Twierdza - a idź Pan z tym! Połowa jednostek ma szał, przez co nie można pozwolić na to, by chociaż jeden dziad został na polu bitwy. Momentalnie wzrasta mu siła do poziomów dwucyfrowych i (bez dodatkowych czarów i farta) nie da się już wygrać. Bonusowo są jednostki z odpornością na magię, co czasami dobija.
Do tego warto dodać , że jak na razie jest to jedyna frakcja, w której występują jednostki z Szybkim atakiem (brak tzw. choroby przyzywania), powiązana z frakcją Magia Ziemi bazująca głównie na prewencji i wsparciu (m. in. regeneracja).

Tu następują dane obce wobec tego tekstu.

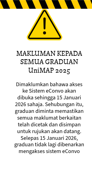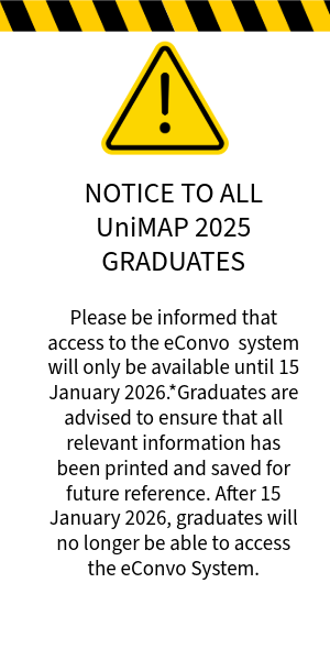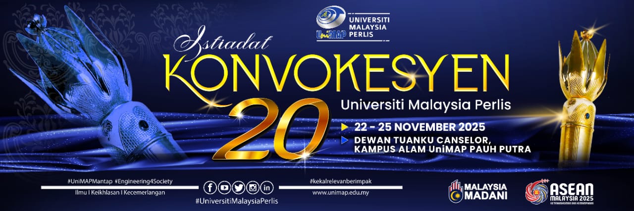 Academic Management Division (Graduation & Convocation) Academic Management Centre (AMC) Ground Floor, Chancellery Tuanku Syed Sirajuddin Universiti Malaysia Perlis (UniMAP) 02600, Arau Perlis, MALAYSIA Copyright © All Rights Reserved Academic Management Division (AMD) . Artwork Design by R.S.R (AMD) Latest Update :: Tue 18th Nov 2025, 10:15:25.s Convocation Hotline :: +60 1118742652
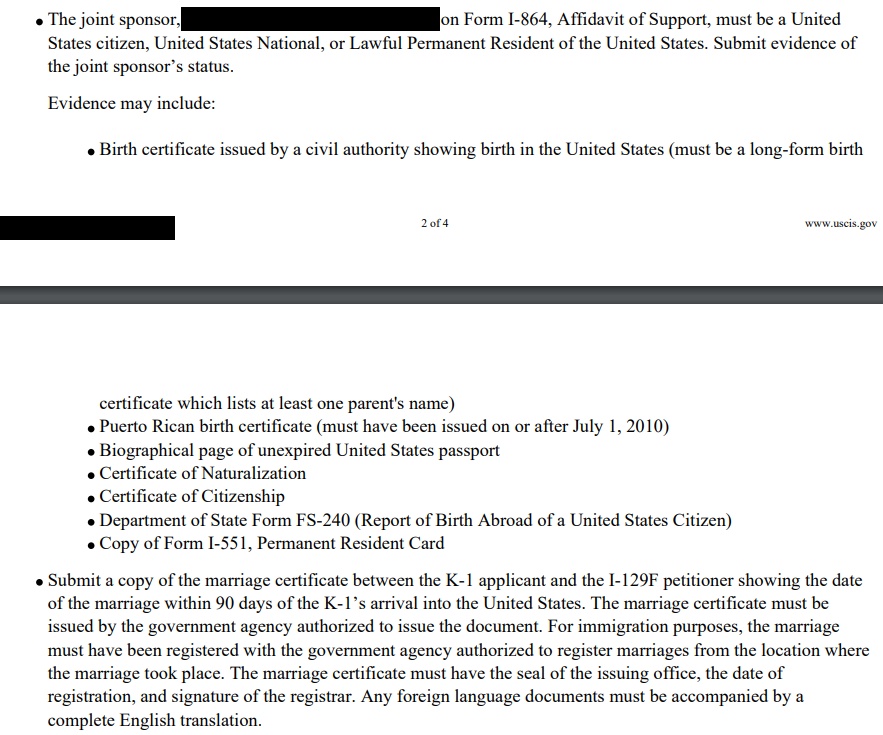 Hi all, just got an RFE and need some advice. I went to my USCIS online account and saw that they've uploaded some of the documents that they received from me in my original submission, but they have specifically not included either of the I-864 forms, the copy of our marriage certificate, the K-1 approval notice (I-797) or our joint sponsor's birth certificate, which I did submit. I know the text of the RFE is generic and the fact that they didn't upload it probably means I made some error on the I-864, but I'm not sure why the rest of the documents were excluded.
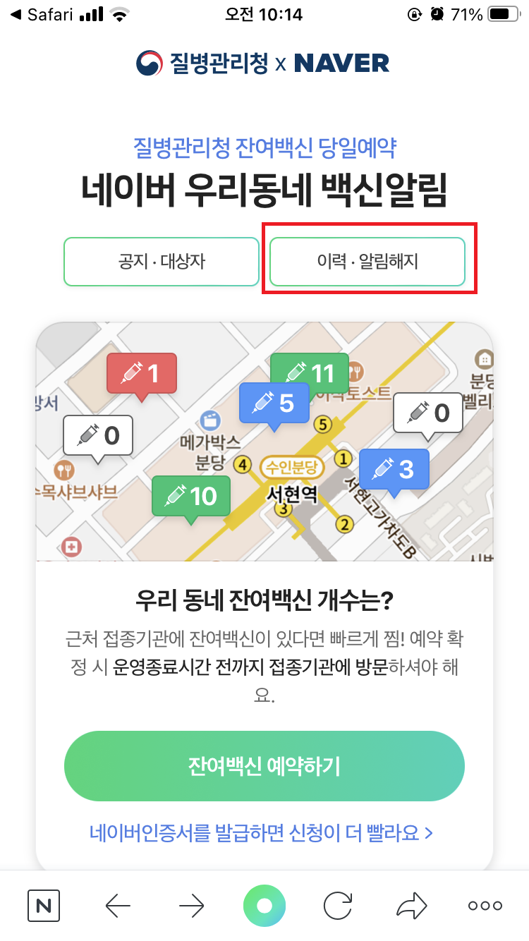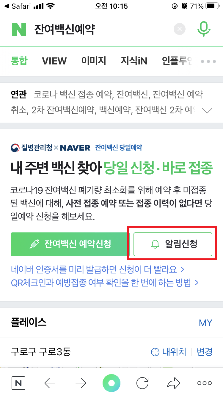 다시 네이버 잔여 백신 신청 사이트 들어가자.
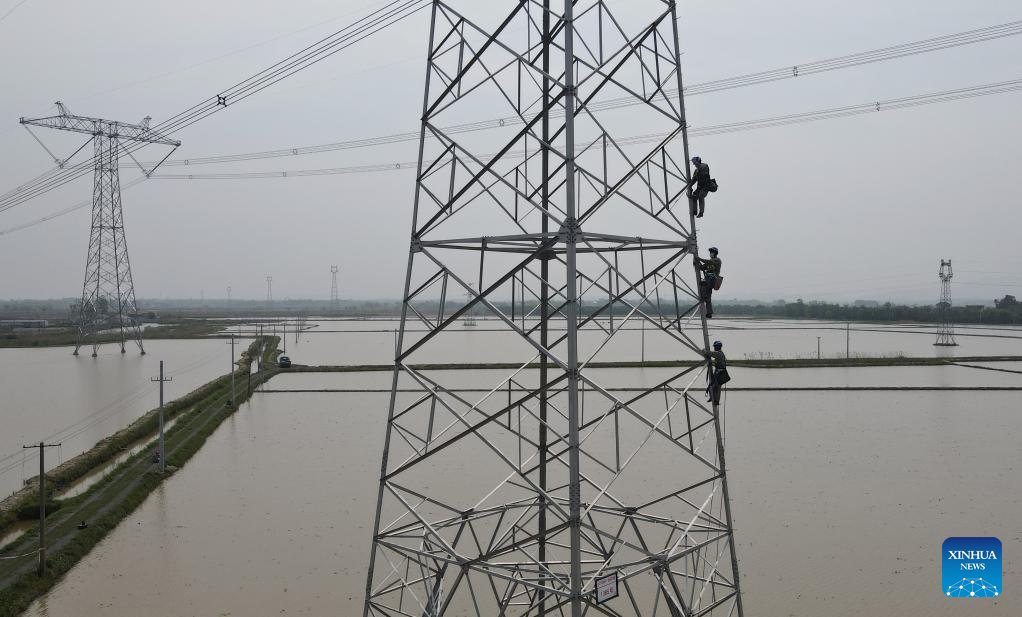 Aerial photo taken on April 19, 2022 shows workers climbing the power transmission tower to maintain the "Longquan-Zhengping" 500-kilovolt direct current transmission project in Lujiang County of Hefei, east China's Anhui Province.(Xinhua/Zhou Mu)
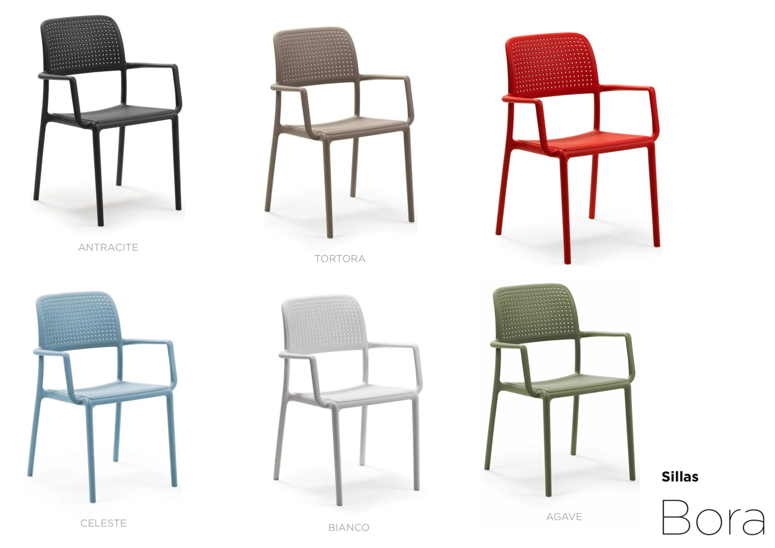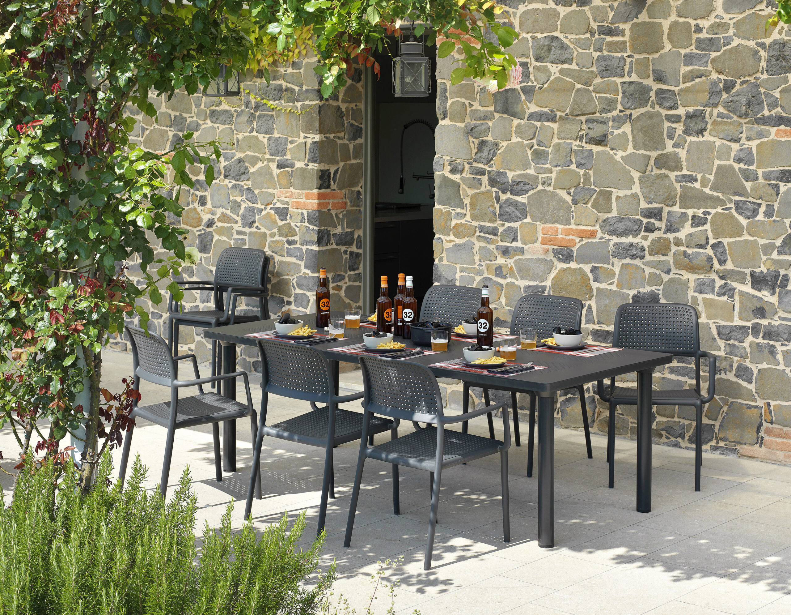 Modelos como el sillón Bora o la silla Bora complementan perfectamente esta mesa, ideal para terrazas, jardines o galerías.
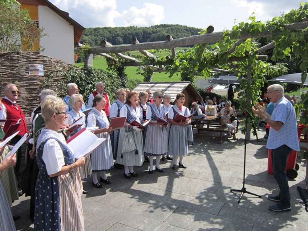 Die Kindertanzgruppe, die Tanzgruppe und der Chor traten an verschiedenen Plätzen mit Darbietungen aus dem Repertoire auf. Dazwischen hatte man Gelegenheit den schön angelegten Garten, ausgestellte Tiere, Ware aus den eigenen Werkstätten, kulinarische Köstlichkeiten oder verschiedene Wettkämpfe zu geniessen.
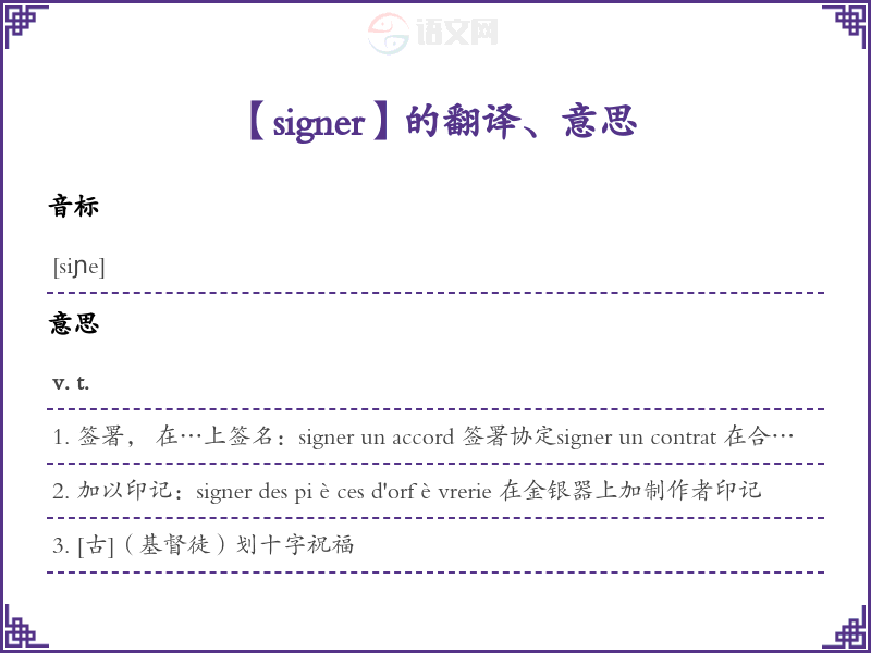 1. 签署, 在…上签名:signer un accord 签署协定signer un contrat 在合同上signer son nom [俗]签自己的名字signer la paix 签订和约; []和signer de son sang []自己的鲜血来签写:Je vous le signerais de mon sang. [俗]我可以头来向你担保。 C'est signé. []这就象署过名的一样。 [意即一看就知道是谁做的]
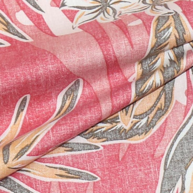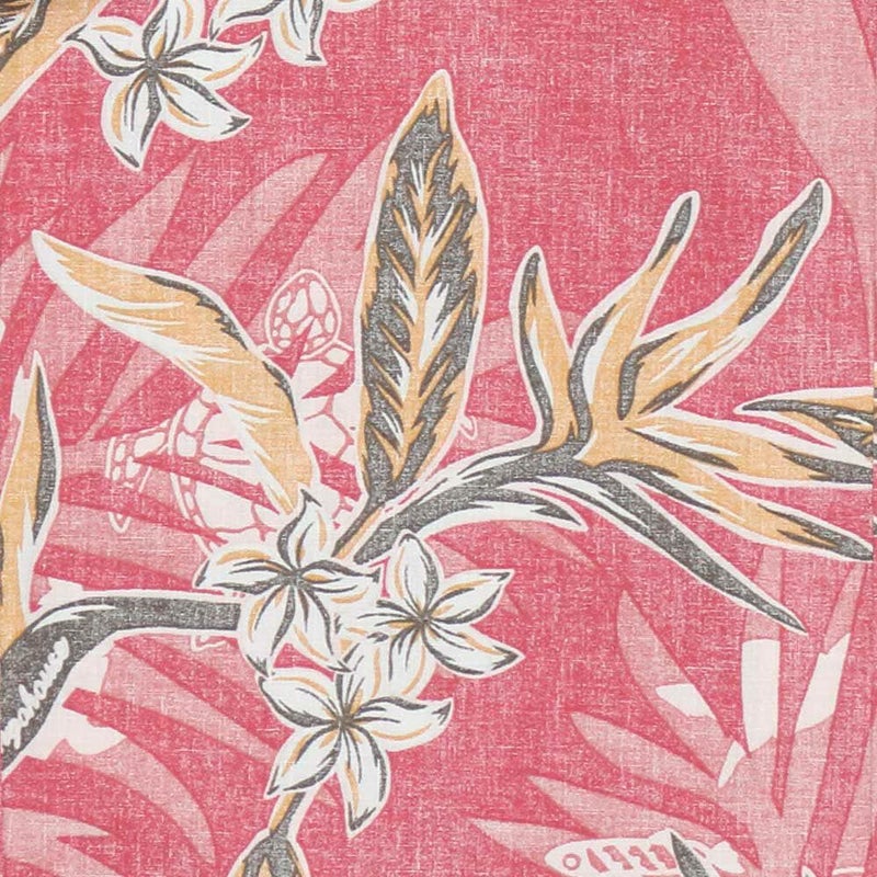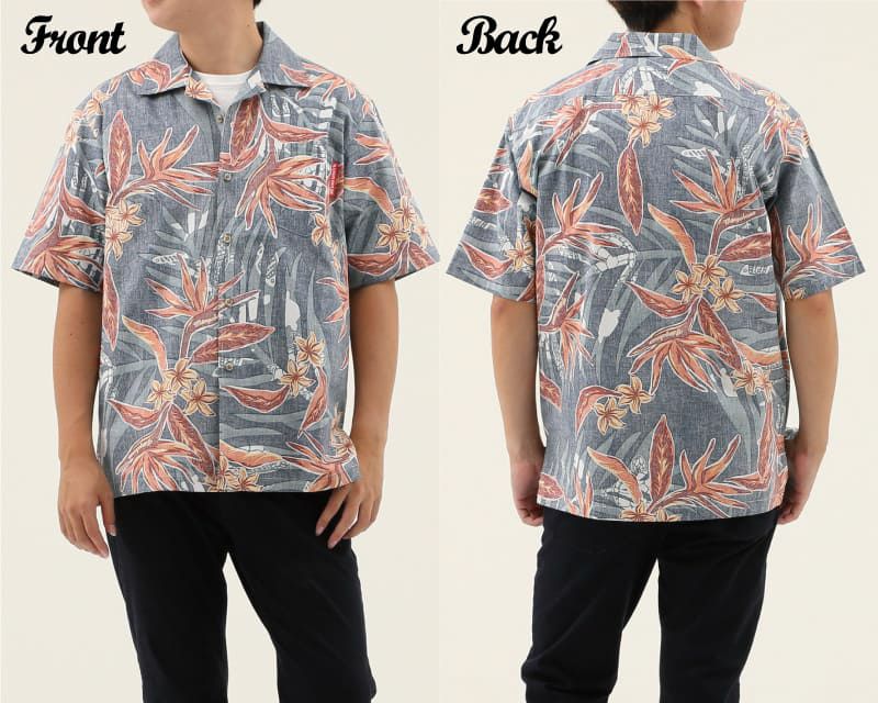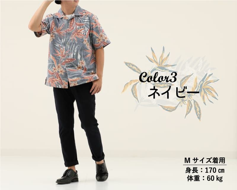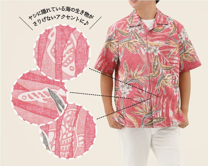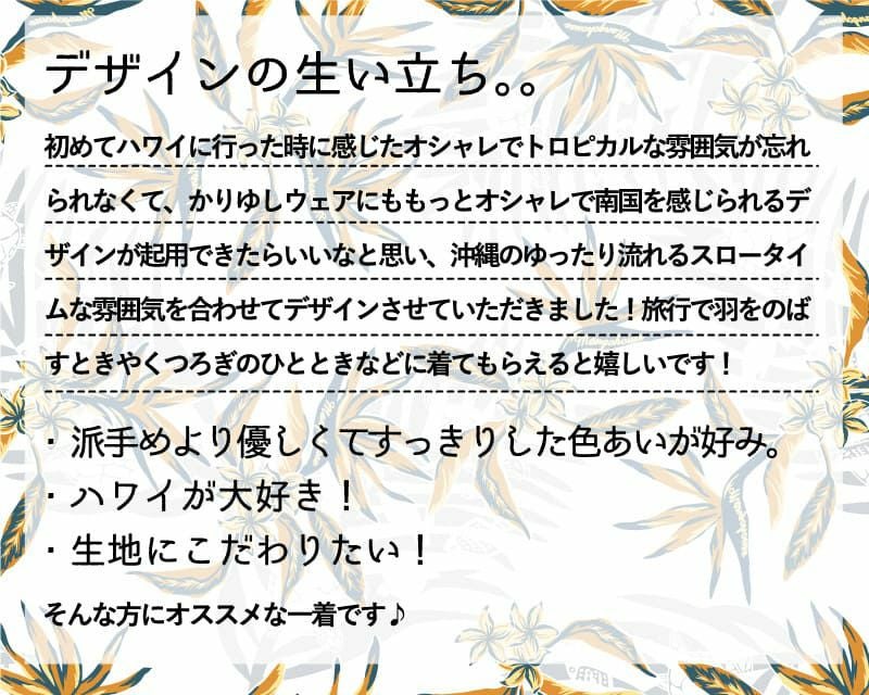 ストレチアの花とヤシの葉をシックで涼しげにアレンジ、裏地を使った独特な風合いとヤシに隠れている魚やウミガメがオシャレ感をプラスした一着。

Według mnie spory wkład w siłę talii Twierdzy mają Łuty Szczęścia. Przykładowo, bohater wroga ma znacznie więcej punktów życia od nas - możemy rzucić parę Aren i od razu rozgrywka się wyrównuje. (Dla tych, którzy nie wiedzą - Arena to Łut Szczęścia, wymaga 2 punktów Szczęścia i 2 zasobów. Można nią dobrać kartę, lub - jeśli wrogi heros ma więcej życia - zadać mu 3 punkty obrażeń.)
Moja talia jest jeszcze niezbilansowana i słabo ograna, także niewiele więcej jestem w stanie dodać. Jeśli Wy macie coś do powiedzenia - nie wahajcie się :)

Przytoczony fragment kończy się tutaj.